James Hayward and Niall Ferris do not intend to make the same mistake. They have devised a game called 'Who's in the Bag?', based on a Victorian parlour game. The objective is to describe famous characters, whose names are written on cards drawn from a bag, to the other members of the player's team. The game continues until all the cards are drawn from the bag and the team with the most cards wins.

In Britain, most forms of intellectual property are governed by the Copyright Designs and Patents Act 1988 and the Patents Act 1977. The Copyright Act protects material recorded in a tangible form, which includes anything on paper, on film and in electronic form (such as computer tapes), as well as artistic works and broadcasts.

Copyright protection is obtained automatically when the idea is produced. However, Lynda Farmer, an intellectual property specialist with a City law firm, Turner Kenneth Brown, said: 'I would advise any client to take practical steps to record their ownership, such as getting into the habit of putting the copyright symbol, the name of the author and the date of creation on every piece of work.'

Copying, modifying or translating material without permission amounts to an infringement of copyright, though it does not prevent others using the information.

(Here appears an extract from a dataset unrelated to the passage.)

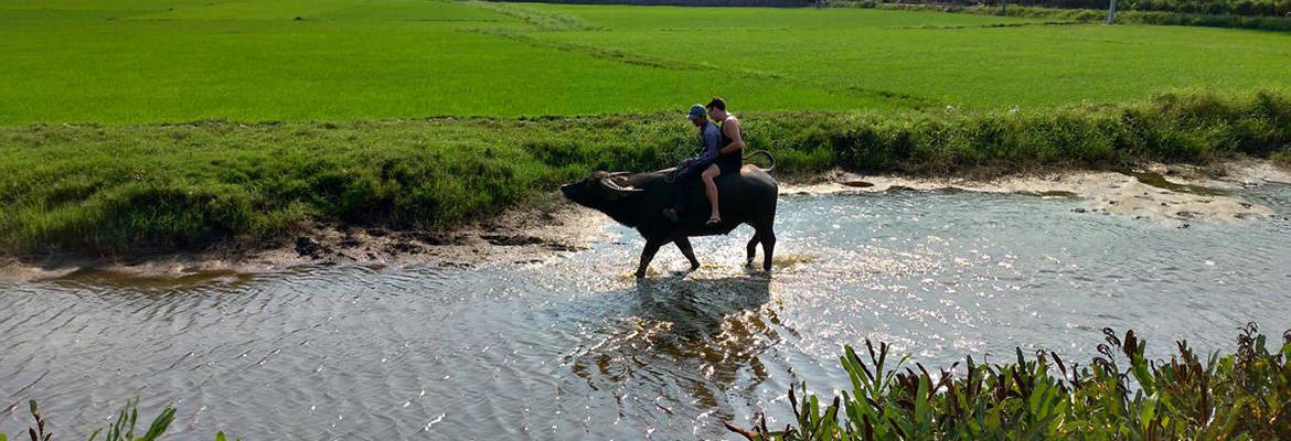 Among the famous tourist sites in Vietnam, Hoi An old town has always been one of the most significant places for foreign travelers to hang out and have fun. Not only being attractive for its ancient, historic and poetic beauty, which represents perfectly the proud culture and history of the S-shaped country, but Hoi An also draws a large number of tourists also for its interesting and unique entertainment activities – one of them is riding a water buffalo in Hoi An. Water buffalo is a familiar animal for farmers in the countryside, and riding it will help visitors understand a lot more about the customs and daily life of Vietnam. Why is the Water Buffalo the National Animal of Vietnam? Buffalo is an animal of the Bovidae species, living mostly in Asian countries and has long become a familiar image of farm work and countryside life in Vietnam. Although not officially, for as long as one can remember, the buffalo has been considered as one of the national animals of the beautiful S-shaped country. Buffalo is the friendly and indispensable animal of the Vietnamese, mostly in the countryside. Being known as the agriculture nation, farm work takes a specific and important role in the development of Vietnam. Throughout the years, the buffalo has proven itself to be useful and beneficial when it can pull plows in the rice fields, making the farming process become so much easier. When harvesting crops, buffalo is also a trustworthy supporter who helps carrying heavy products and loads for its owners. Traveling to the countryside of Vietnam, tourists will immediately see buffalos almost everywhere, helping farmers with their works or just simply standing on the side to keep them company. In a nation that rice being the main export product like Vietnam, buffalo is undoubtedly the most essential animal. Some may wonder why hasn’t the buffalo been replaced by modern technologies, given the fact that science is getting more and more developed. The reason is that the Vietnam countryside has various fields with special topographic and different sizes, and machines will only be able to work in large fields and unable to work in small and narrow spaces. Not to mention, buying modern machines takes lots of money which Vietnamese farmers can’t actually afford. Buffalo is much cheaper than machines, can walk on every topographic, and pretty much an effective helper although its working process takes longer than machines. Aside from its many abilities, buffalo can also provide meat and other parts of its body for various industries. Buffalo meat has been becoming more and more favored by a huge number of food lovers, while its skin and bones can be used to make jackets, helmets, shoes as well as other products and fashion items. The existence of the buffalo has brought certain economic benefits for Vietnam. In Vietnamese culture, the buffalo represents hard-working, one of the most significant virtues of the Vietnamese people. A buffalo can work for a long period of time, no matter how sunny it is, or even under the rain and stormy weather. The same can be described for the Vietnamese, who are willing to work hard no matter the circumstances to earn great results and bring money, happiness and wealth for their families. Laborious, diligent and studious, those have been positive traits of the Vietnamese in such a long time, gaining respect and trust from international countries. The buffalo has been appearing in many forms of art, such as paintings, poems, works of literature and folk songs. If you had taken a look at some Dong Ho paintings – a significant culture feature of Vietnam, you will soon realize that the buffalo was included in lots of artworks. In some Vietnamese poems as well as folk verses and proverbs, the buffalo was also mentioned from time to time. It is safe to say that the buffalo has been staying by the Vietnamese side since the beginning of building and developing the S-shaped country. In the old days, a buffalo was also the symbol of richness, and wealthy families often hung buffalo bones on their doors as a sign of affluentness. Nowadays, there are many festivals being held about buffalos as well, such as the buffalo-stabbing festival, which aims to pray for rich crops and enormous wealth, and the buffalo-fighting festival, which shows the incredible strength of this seemingly kind animal. During the development of Vietnam, the buffalo has become such a familiar image in daily life, arts and spiritual culture. Sometimes, the buffalo made itself appear in Vietnamese myths and history as well. The ancient believed that the West Lake (Ho Tay), which is a quite famous tourism attraction in Hanoi, was formed when a godly, golden buffalo stormed its feet to the ground. During wars when the Vietnamese had to fight against invaders, the buffalo played an important role, contributing to the victory of the S-shaped country by carrying and transporting supplies (food, weapons, medicines…) for the soldiers. In conclusion, the buffalo has, and still be, an unreplaceable animal in many aspects of Vietnam, from economic, culture to history and spiritual beliefs. That is why many have considered it as the national animal of the S-shaped country, a significant feature of Vietnamese image and culture. What is Riding a Water Buffalo in Hoi An Countryside Like? Photo: @moshichubby To help international tourists understand more about the culture and daily life of Vietnam, riding a water buffalo has become an entertainment activity in Hoi An countryside. After only a short time, thousands of travelers from all over the world have stopped by Hoi An to experience the activity themselves with great enthusiasm and excitement. The local people in Hoi An have done a wonderful job in raising and domesticating the buffalos, turning its natural instincts into something soft and lenient, so they can easily control and order the animal to do as they pleased. Therefore, tourists don’t have to worry about b

Infringements entitle an author to apply for an injunction to prevent further unauthorised use. Alternatively, the author can sue for damages. Copyright protection stays in force for 50 years beyond the author's life.

Mr Hayward and Mr Ferris are also registering their game with the Designs Registry. Registration means the owner can prevent others using the same or a similar design. The sanction for using an unauthorised design is the same as that for breach of copyright.

Anyone intent on exploiting an idea should make a search of the registry before incurring substantial costs in developing and promoting the concept. Design protection lasts for 25 years provided the renewal fees are paid.

'Who's in the Bag' will also be registered as a trademark. Before the Trade Marks Registry will register a mark it must be satisfied that the logo or words are distinctive and the trademark is not misleading or similar to existing marks. Protection lasts for as long as the renewal fees are paid, and prevents others using similar marks. Registering a trademark can take at least two years, Ms Farmer says.

Mr Hayward and Mr Ferris also spent a considerable sum employing an agent to register the trademark and design worldwide. According to Mr Hayward, it has cost on average pounds 500 per country to obtain protection. Most of the leading industrial nations are signatories to conventions giving copyright created in one country protection in other signatory states.

As Mr Hayward says: 'Ultimately, it is not worth the expense of protecting an idea unless it has a good chance of succeeding commercially. Fortunately, the reaction received from those retailers who have seen the game has been very positive. To date stockists include Harrods, Hamleys, Selfridges, Virgin and Debenhams.'

Securing intellectual property rights is also of little use unless there are funds to bring a legal action. As a precaution they have taken legal expenses insurance.

'Who's in the Bag?' is due to be launched in August.